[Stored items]
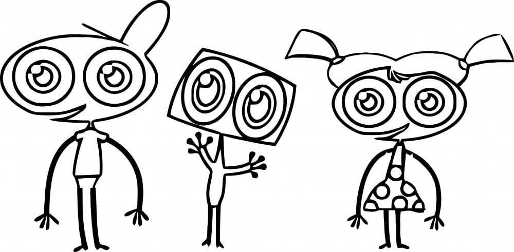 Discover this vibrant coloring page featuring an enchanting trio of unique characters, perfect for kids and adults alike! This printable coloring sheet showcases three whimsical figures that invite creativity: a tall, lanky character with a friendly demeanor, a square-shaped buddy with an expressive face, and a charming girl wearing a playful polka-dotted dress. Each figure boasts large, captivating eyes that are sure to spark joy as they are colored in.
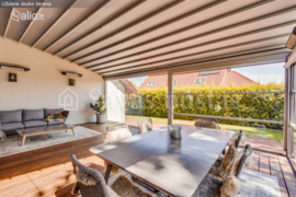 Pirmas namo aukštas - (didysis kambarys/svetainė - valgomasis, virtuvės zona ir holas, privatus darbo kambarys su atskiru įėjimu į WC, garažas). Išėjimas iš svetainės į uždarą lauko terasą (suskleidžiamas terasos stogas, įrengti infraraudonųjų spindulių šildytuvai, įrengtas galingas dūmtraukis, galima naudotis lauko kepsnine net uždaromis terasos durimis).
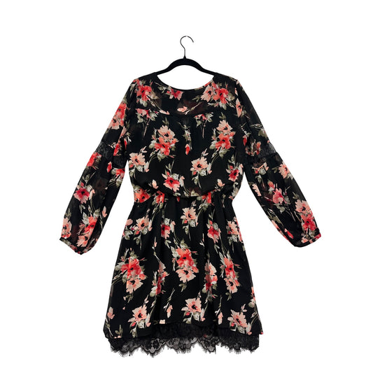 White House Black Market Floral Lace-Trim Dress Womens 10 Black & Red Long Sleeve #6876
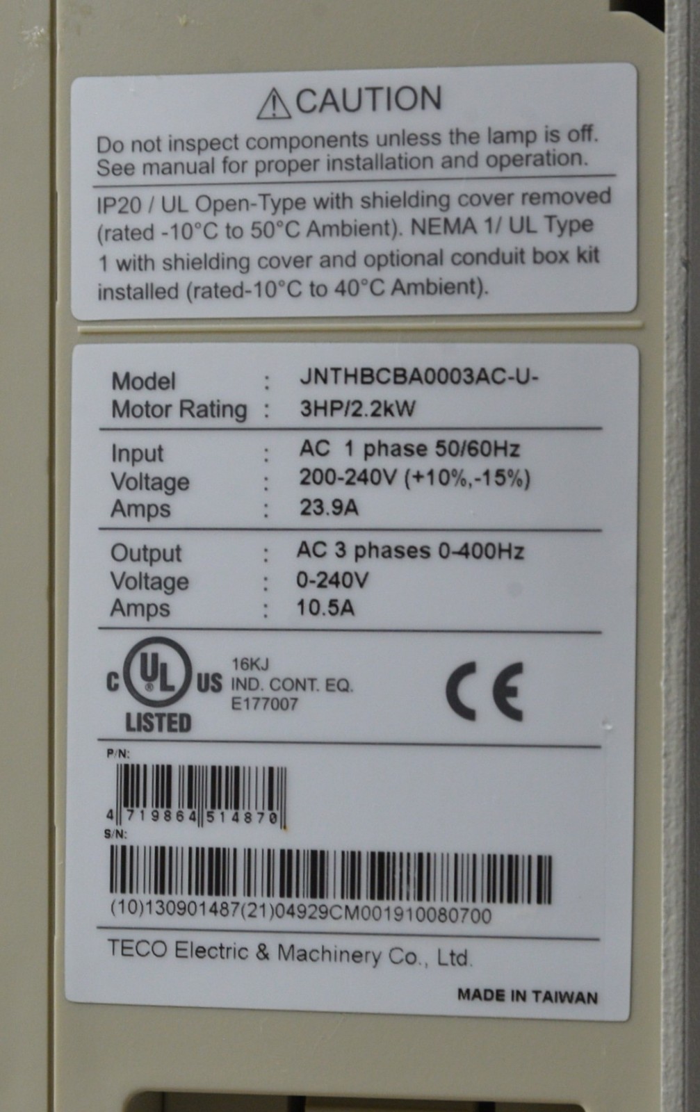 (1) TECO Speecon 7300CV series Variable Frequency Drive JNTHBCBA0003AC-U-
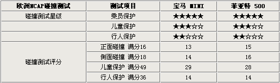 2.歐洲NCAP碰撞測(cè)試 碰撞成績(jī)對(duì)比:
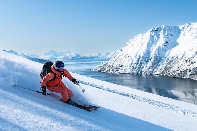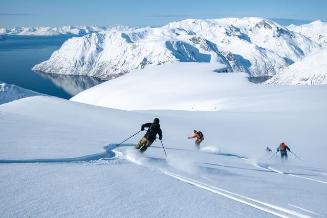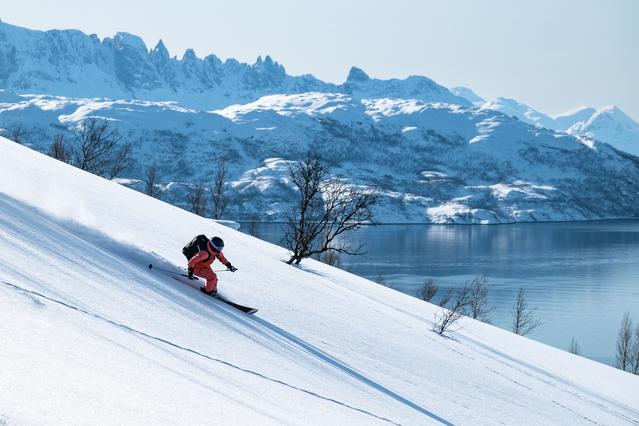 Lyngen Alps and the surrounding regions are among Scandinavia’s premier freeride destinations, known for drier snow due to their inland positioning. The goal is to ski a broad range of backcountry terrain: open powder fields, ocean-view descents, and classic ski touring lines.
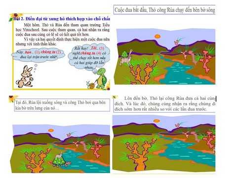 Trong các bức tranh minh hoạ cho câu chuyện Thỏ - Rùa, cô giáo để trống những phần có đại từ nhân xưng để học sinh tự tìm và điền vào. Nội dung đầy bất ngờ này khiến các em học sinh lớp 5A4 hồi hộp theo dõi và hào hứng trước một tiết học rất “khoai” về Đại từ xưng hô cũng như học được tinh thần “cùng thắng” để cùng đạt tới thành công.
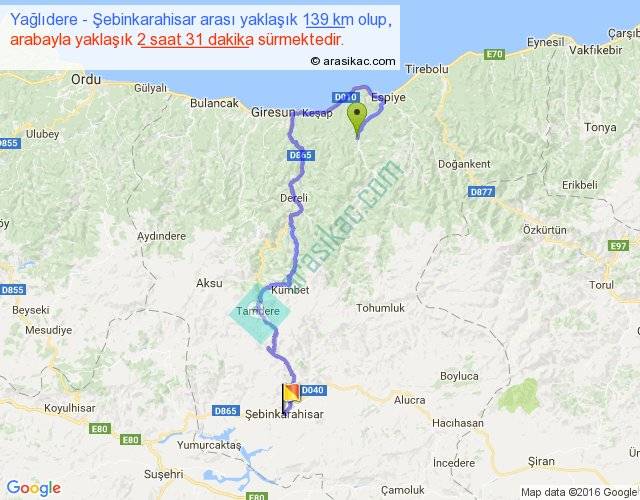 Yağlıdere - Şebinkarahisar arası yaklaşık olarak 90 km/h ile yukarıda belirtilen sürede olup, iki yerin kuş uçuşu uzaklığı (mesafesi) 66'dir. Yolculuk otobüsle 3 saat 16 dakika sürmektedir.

Requirement => Every line from the one holding "Lyngen Alps and" through the end of the records above must be reproduced verbatim, pictures excepted.

Output for this exercise =>
 Lyngen Alps and the surrounding regions are among Scandinavia’s premier freeride destinations, known for drier snow due to their inland positioning. The goal is to ski a broad range of backcountry terrain: open powder fields, ocean-view descents, and classic ski touring lines.
 Trong các bức tranh minh hoạ cho câu chuyện Thỏ - Rùa, cô giáo để trống những phần có đại từ nhân xưng để học sinh tự tìm và điền vào. Nội dung đầy bất ngờ này khiến các em học sinh lớp 5A4 hồi hộp theo dõi và hào hứng trước một tiết học rất “khoai” về Đại từ xưng hô cũng như học được tinh thần “cùng thắng” để cùng đạt tới thành công.
 Yağlıdere - Şebinkarahisar arası yaklaşık olarak 90 km/h ile yukarıda belirtilen sürede olup, iki yerin kuş uçuşu uzaklığı (mesafesi) 66'dir. Yolculuk otobüsle 3 saat 16 dakika sürmektedir.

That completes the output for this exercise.